Data shown: Begin

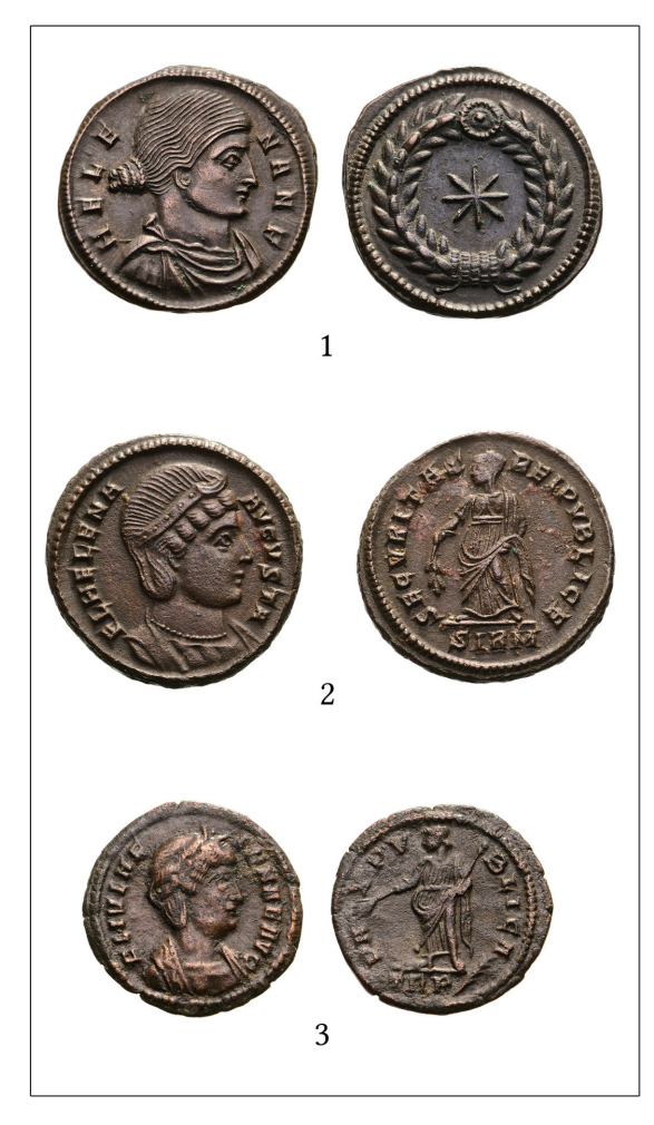
Fig. 5. 1. Helena AE3. 2. Helena AE3. 3. Helena AE4.

Therefore it is possible, that the coins were minted for Flavia Julia Helena, and the names Flavia Maxima Fausta or Flavia Maximiana/Maxima Theodora had influenced the name-form. Theoretically the inverse situation is also possible, that the coins were minted for Fausta or Theodora. On the other hand several arguments can be drawn up against identifying Helena on the coin with the mother of Constantine: the FLAV abbreviation is never used on her coins, apart from two rare Thessalonican issues dated to 318-320. She always wears a necklace. In the early issues her hairstyle is different, her title is not Augusta but Nobilissima Femina, and only her Helena name is represented (Fig. 5.1). In the issues dated 324-329 the title Augusta is never abbreviated, the name is always represented as FL HE-LENA (Fig. 5.2). The last coins minted for her were issued between 337 and 340 together with the coins of Theodora. Though these are posthumous coins, they are not commemorative ones in the classical sense but had an actual political message after the massacre of most of the male descendants of Constantius I.14 The name is always in dative: FL IVL HELENAE AVG (Fig. 5.3).
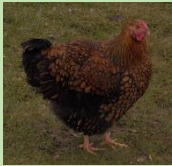
Golden Laced Wyandotte hen

Varieties: Golden Laced, Silver Laced, Partridge, Columbian, White and Buff.
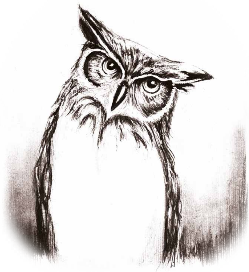
Llewellyn's Owl - Cwn Cawlwyd
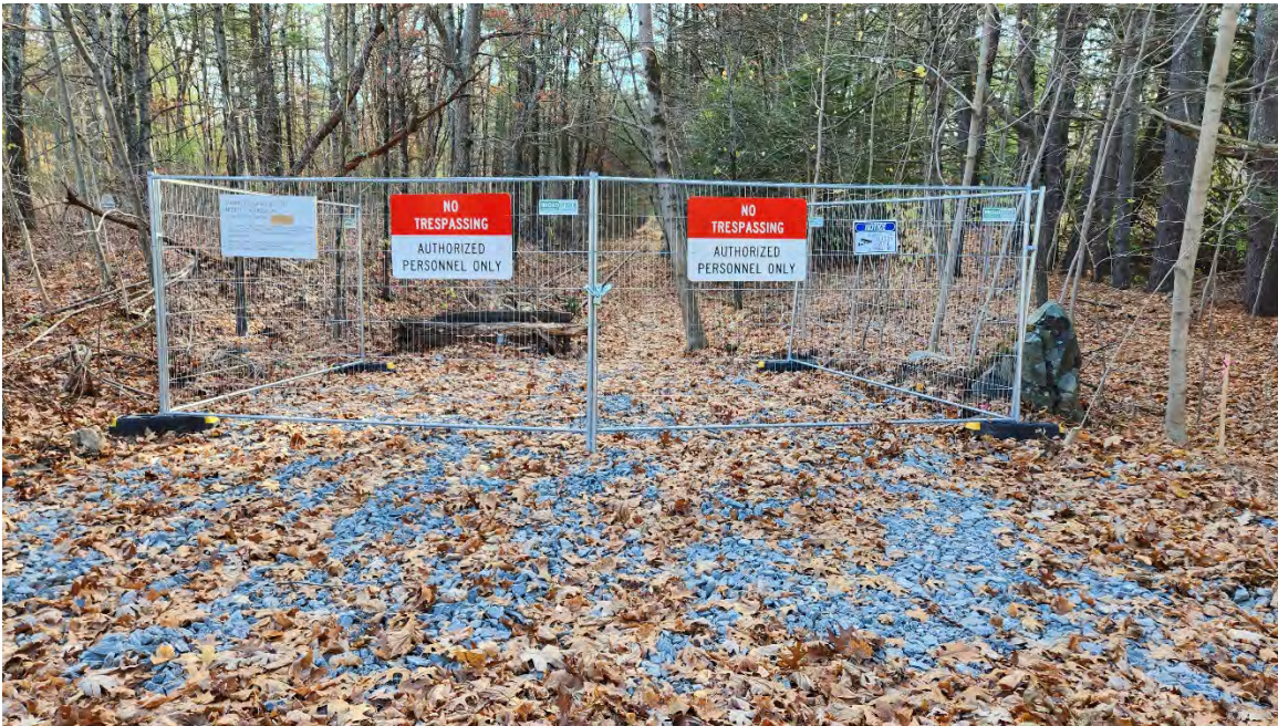
Photo 9: Gravel site entrance (Peakham Road, STA 335+50) predates site activities. Photo taken on 11/18/22

Data shown: End

Work to complete –
Lines in the data that hold "Laced" must be located and copied.

Response for this exercise –
Golden Laced Wyandotte hen
Varieties: Golden Laced, Silver Laced, Partridge, Columbian, White and Buff.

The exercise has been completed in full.